Руки сжимаются так, что ногти пропарывают тонкую и светлую кожу на ладонях, оставляя следы в виде полумесяцев, которые тут же наполняются жгучей болью, с капельками крови. Но она ничто, по сравнению с тем, что творится в душе.
Отдав частичку души дорогому человеку, тигр никогда не заберёт ее обратно. Она, как яркое пламя, будет оберегать того, кому отдана.
У Ацуши внутри хищник, и одновременно самое верное существо. У Ацуши внутри тигр, которого в первый раз погладил Достоевский, и который теперь тоже тосковал, потому, что за все время к нему отнеслись с лаской.

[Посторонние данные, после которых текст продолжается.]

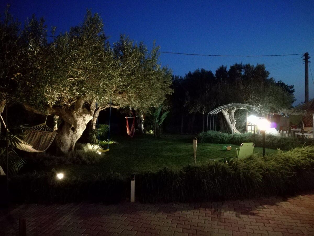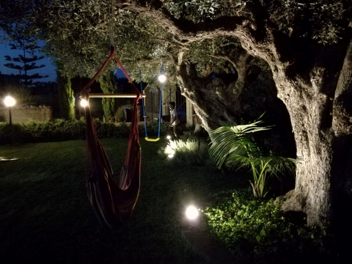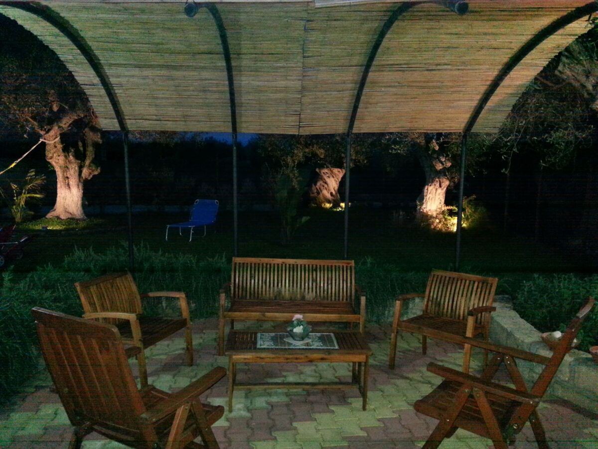 Surrounded by the typical vegetation of the place, it lies on a beautiful plain with a swimming pool, green lawn and an organic vegetable garden where austere and majestic centuries-old olive trees stand, which, with their evocative and harmonious shape, seem to be the natural guardians of so much wonder.

— Я сделаю, так, как ты просишь.
На автомате говорит Накаджима, когда слышит указание и для себя. Слышит, но не слушает.
— Позволь мне только одно.
— И что же?
— Позволь мне побыть с тобой таким, каким ты был только для меня, — тихо шепчет Ацуши, бессильно опускаясь на одно колено возле ног самопровозглашенного бога.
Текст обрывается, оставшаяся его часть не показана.